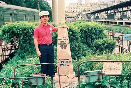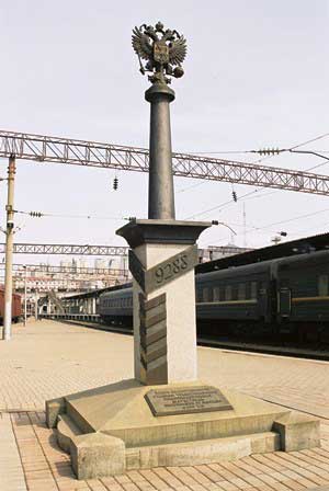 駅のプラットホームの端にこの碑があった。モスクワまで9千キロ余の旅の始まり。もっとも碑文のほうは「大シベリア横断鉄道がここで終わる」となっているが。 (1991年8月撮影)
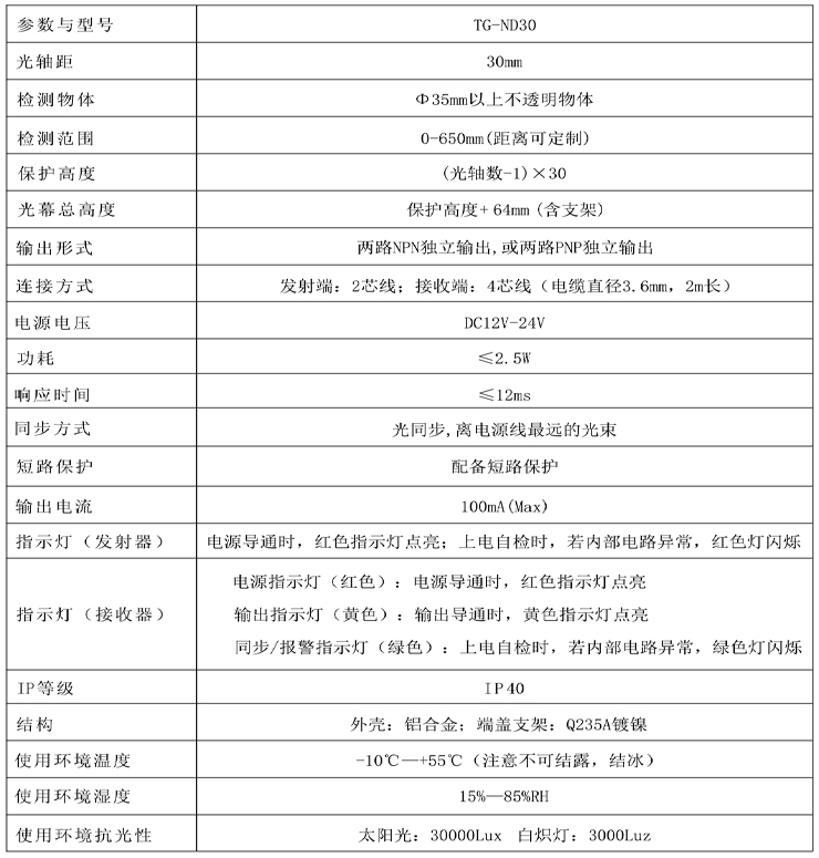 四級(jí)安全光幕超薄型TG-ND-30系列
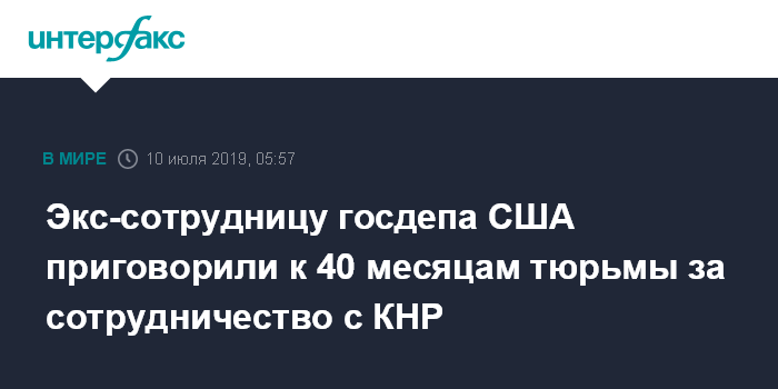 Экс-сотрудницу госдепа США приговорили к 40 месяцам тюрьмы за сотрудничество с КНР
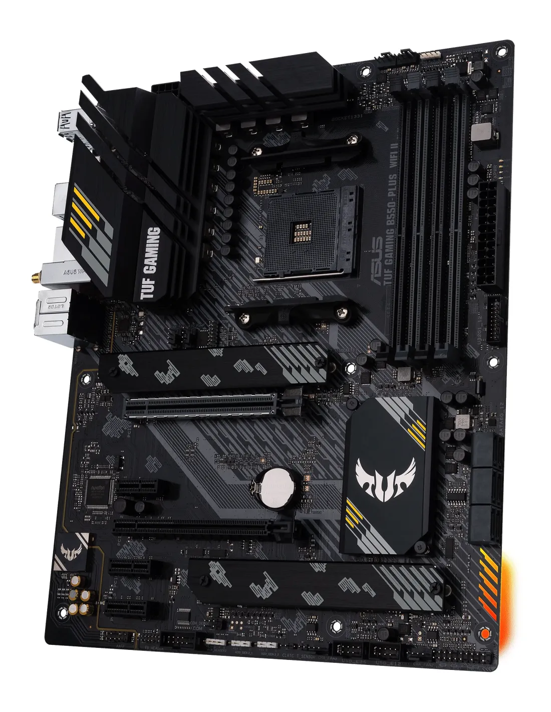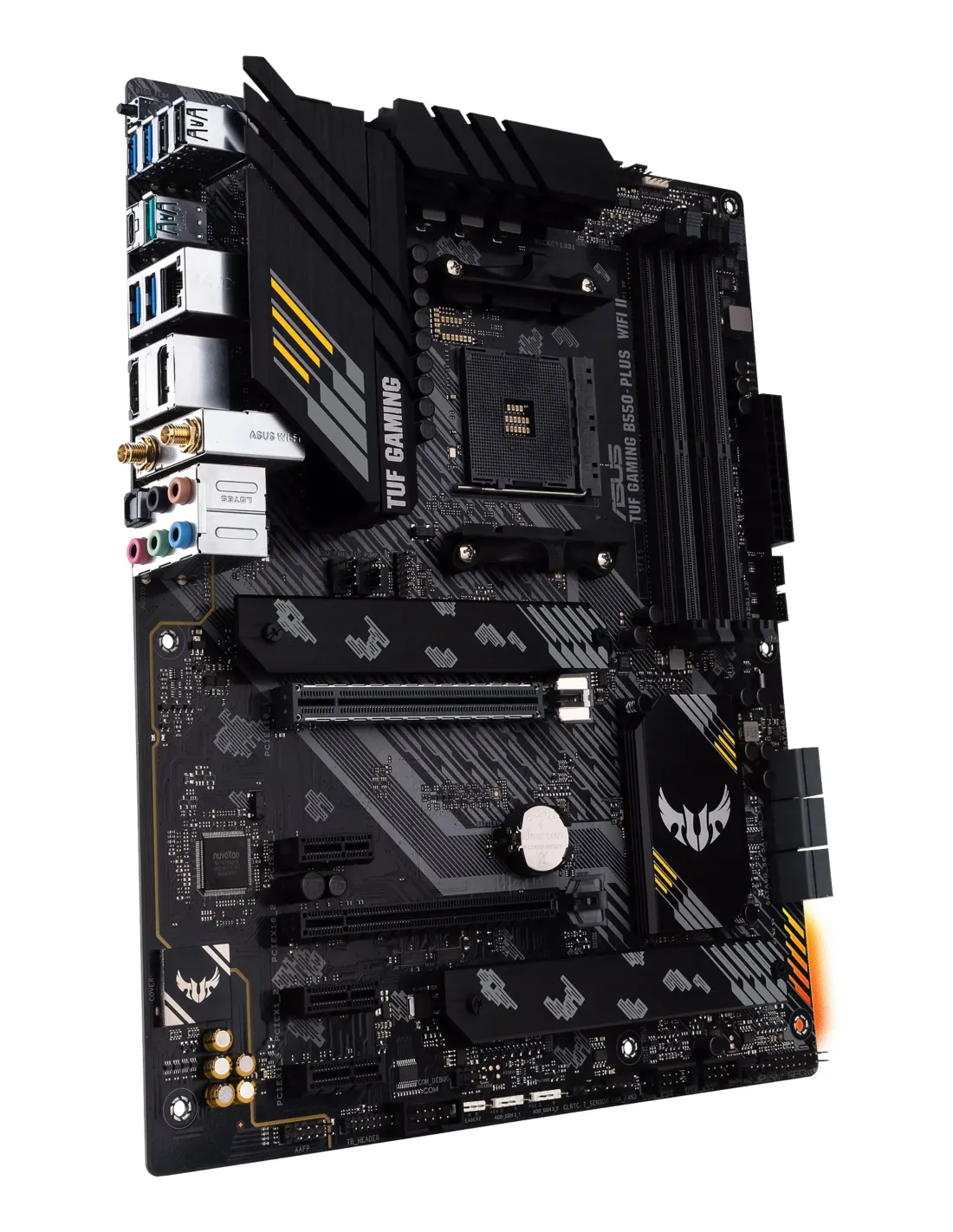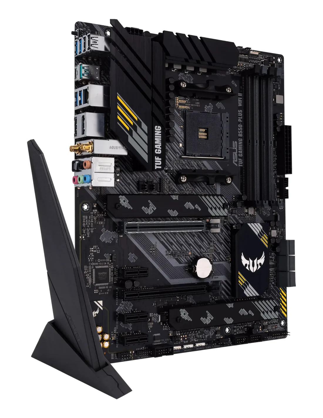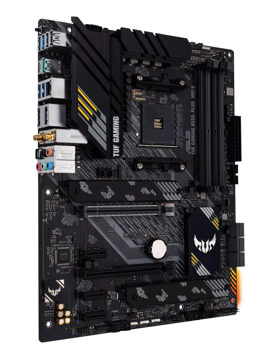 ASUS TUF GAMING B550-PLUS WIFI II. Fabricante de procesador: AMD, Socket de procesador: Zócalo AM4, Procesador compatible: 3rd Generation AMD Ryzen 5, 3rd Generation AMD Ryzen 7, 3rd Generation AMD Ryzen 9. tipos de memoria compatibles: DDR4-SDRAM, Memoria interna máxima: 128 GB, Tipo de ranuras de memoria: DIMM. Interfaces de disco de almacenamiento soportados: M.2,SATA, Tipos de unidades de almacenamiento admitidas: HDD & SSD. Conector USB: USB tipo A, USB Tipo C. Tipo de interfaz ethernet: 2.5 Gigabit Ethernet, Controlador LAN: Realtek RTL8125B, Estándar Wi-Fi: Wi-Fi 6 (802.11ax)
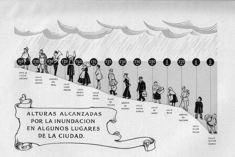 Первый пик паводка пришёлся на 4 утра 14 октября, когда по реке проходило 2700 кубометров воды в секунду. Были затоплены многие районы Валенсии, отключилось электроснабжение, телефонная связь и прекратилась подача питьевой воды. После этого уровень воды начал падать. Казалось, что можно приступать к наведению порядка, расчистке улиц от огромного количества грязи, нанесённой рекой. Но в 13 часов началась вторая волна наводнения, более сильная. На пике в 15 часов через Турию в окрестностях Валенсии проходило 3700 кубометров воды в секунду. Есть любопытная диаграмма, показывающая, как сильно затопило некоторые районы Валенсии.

------------------------------------------------------------

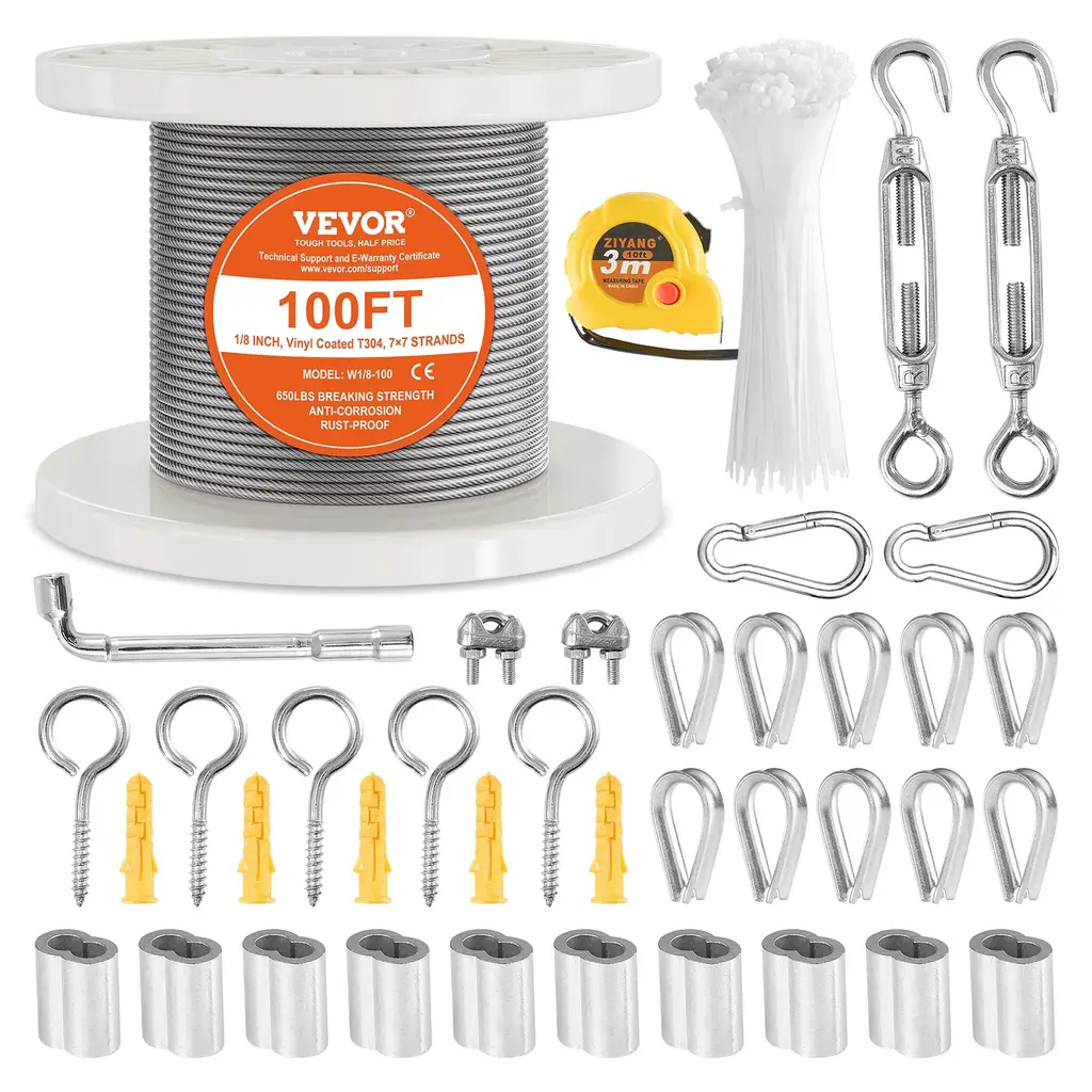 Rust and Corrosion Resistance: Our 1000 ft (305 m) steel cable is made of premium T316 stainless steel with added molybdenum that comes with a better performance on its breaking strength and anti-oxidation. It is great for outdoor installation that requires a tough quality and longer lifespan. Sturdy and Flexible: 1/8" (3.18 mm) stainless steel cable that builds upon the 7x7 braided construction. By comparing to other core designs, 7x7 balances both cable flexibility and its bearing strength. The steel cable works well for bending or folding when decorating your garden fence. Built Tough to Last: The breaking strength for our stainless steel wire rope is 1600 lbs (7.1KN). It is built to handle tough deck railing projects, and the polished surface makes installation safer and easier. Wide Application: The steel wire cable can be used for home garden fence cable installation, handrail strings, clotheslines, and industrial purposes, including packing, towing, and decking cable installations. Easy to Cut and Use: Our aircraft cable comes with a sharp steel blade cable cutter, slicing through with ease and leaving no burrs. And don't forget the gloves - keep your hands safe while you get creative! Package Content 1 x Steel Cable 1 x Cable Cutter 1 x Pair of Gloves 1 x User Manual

------------------------------------------------------------

Look through the listing above for the line with "駅のプラットホームの端にこの" and the line with "ASUS TUF GAMING". Write out exactly those lines and everything between, leaving out pictures.

RESPONSE TO THIS EXERCISE.
 駅のプラットホームの端にこの碑があった。モスクワまで9千キロ余の旅の始まり。もっとも碑文のほうは「大シベリア横断鉄道がここで終わる」となっているが。 (1991年8月撮影)
 四級(jí)安全光幕超薄型TG-ND-30系列
 Экс-сотрудницу госдепа США приговорили к 40 месяцам тюрьмы за сотрудничество с КНР
 ASUS TUF GAMING B550-PLUS WIFI II. Fabricante de procesador: AMD, Socket de procesador: Zócalo AM4, Procesador compatible: 3rd Generation AMD Ryzen 5, 3rd Generation AMD Ryzen 7, 3rd Generation AMD Ryzen 9. tipos de memoria compatibles: DDR4-SDRAM, Memoria interna máxima: 128 GB, Tipo de ranuras de memoria: DIMM. Interfaces de disco de almacenamiento soportados: M.2,SATA, Tipos de unidades de almacenamiento admitidas: HDD & SSD. Conector USB: USB tipo A, USB Tipo C. Tipo de interfaz ethernet: 2.5 Gigabit Ethernet, Controlador LAN: Realtek RTL8125B, Estándar Wi-Fi: Wi-Fi 6 (802.11ax)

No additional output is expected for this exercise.